"How would you preach to a
congregation where many people have advanced degrees?" I was asked the
first time I met a group of leaders from FUMCB/ The Open Door. I leaned back,
took a deep breath, and observed that people don't need a lecture when they
come to church but down deep most people are hungry for the Gospel. Then, I
pointed to the preaching style of a certain carpenter's son from Nazareth.
Jesus was always telling stories.
Some of them had a message that was as clear as a bell. You couldn't miss the
lesson in the story if you tried! Some of the stories Jesus tells seem almost
deliberately vague. Instead of turning on the lights that would help us see
life and truth, it's as if Jesus walks into the room and turns off the lights.
The Nazarene tells a story, we're confused, and find ourselves stumbling around
searching for the light switch. "What did that mean? Who are the bad fish
and who are the good? What in the world does a story about weeds in a field
have to say to us when we're wrestling with Gaza and legalized marijuana and
children crossing the border and marriage rights?"
Truth is Jesus sometimes likes to
make us work to find the truth. Like all great teachers, he wants to engage us.
He doesn't want to hand us truth on a silver platter. Jesus wants us to work
because only when we work to find the pearl of God's truth in a field of dirt,
do we make it our own.

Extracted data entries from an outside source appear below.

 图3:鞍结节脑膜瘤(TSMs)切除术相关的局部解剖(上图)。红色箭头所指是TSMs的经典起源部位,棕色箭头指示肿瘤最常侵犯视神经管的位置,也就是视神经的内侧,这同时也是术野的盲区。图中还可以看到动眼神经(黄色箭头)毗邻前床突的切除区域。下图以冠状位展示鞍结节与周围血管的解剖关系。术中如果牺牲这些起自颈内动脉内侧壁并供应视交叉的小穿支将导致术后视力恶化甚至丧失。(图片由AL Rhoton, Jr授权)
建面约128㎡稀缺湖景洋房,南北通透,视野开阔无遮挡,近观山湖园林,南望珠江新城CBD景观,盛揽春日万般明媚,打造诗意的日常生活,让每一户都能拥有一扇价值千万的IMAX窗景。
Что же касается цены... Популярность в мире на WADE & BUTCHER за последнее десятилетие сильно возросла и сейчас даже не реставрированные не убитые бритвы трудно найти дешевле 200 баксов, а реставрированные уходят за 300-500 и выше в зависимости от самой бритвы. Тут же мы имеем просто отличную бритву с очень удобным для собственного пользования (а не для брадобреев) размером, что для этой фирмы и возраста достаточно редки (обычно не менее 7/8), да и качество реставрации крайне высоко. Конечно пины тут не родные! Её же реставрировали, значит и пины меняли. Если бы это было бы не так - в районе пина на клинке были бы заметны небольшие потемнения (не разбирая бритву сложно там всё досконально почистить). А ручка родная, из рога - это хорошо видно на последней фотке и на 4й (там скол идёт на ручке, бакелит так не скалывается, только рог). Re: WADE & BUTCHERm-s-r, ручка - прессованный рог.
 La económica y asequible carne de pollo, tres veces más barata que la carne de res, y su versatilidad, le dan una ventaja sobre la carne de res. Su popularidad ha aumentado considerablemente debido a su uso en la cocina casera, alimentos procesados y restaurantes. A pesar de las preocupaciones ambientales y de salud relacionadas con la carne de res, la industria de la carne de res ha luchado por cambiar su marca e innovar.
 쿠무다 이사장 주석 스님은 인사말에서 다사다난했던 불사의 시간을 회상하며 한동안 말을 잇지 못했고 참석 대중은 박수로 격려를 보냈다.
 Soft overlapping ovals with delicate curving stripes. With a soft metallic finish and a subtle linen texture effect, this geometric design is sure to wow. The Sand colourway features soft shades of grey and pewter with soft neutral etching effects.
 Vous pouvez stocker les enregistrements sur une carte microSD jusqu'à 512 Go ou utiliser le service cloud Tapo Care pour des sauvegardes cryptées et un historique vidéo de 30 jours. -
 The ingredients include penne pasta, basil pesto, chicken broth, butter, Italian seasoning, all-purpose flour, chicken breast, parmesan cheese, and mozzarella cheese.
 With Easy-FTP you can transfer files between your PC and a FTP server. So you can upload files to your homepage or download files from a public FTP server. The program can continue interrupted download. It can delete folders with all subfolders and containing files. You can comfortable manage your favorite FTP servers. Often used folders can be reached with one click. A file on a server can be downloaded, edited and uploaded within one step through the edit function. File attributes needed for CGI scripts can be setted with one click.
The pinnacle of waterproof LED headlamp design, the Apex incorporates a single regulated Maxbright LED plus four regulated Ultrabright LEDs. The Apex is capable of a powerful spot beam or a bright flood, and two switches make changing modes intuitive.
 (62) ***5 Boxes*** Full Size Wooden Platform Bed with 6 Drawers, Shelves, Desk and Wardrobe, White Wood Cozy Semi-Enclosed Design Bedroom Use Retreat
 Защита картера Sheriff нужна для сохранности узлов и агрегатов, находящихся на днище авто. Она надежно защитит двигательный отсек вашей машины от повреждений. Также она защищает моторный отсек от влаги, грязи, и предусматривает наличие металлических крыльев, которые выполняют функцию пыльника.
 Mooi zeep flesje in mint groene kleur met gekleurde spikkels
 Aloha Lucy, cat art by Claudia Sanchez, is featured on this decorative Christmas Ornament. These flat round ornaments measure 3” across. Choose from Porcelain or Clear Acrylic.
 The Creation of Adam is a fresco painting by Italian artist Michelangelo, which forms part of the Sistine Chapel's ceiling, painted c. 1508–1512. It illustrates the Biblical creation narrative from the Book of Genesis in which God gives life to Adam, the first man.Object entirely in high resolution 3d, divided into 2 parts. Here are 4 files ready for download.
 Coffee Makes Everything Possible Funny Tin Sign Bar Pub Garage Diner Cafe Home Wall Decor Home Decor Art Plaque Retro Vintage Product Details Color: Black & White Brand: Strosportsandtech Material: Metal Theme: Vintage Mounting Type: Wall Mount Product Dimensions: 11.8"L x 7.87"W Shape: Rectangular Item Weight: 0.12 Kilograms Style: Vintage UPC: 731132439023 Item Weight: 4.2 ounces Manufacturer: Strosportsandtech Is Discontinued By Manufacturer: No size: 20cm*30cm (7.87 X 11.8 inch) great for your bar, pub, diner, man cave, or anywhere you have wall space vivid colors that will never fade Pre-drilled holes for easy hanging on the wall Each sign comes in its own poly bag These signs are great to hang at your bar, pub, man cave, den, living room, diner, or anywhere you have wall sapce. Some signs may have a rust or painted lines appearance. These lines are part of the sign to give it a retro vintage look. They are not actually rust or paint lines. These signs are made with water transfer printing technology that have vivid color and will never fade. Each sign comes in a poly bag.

So if you stagger out of worship and ask your neighbor,
"What in the world did that mean?" perhaps we're doing our job. :)
The other thing to say about the
stories Jesus tells is that he likes to use everyday moments and things to
point us towards eternal, life-changing, world-healing truth. On the surface of
things, his stories often seem surprisingly simple. Jesus talks about weeds in
a field, a wedding party with oil lamps waiting for the reception to start, a
baker using yeast to make bread, a woman who loses some coins, a small seed
becoming a bush big enough to throw shade.
I once heard about a preacher who
-most Sundays- used some kitchen utensil or food item as an illustration for
the Gospel truth. People, years after the pastor had moved on down the road,
said they couldn't work in their kitchens without remembering those sermons!
They'd get out their sharpest knife and remember a sermon based on James about
how careful we need to be with our tongues...our words. Simple things from the
kitchen used to point people to deep truth.
Jesus was a story teller. You see
that, especially, in Matthew 13. The Nazarene goes from one parable to another,
barely taking a breath between stories.
The best story he ever told, of
course, was the story he told with his life.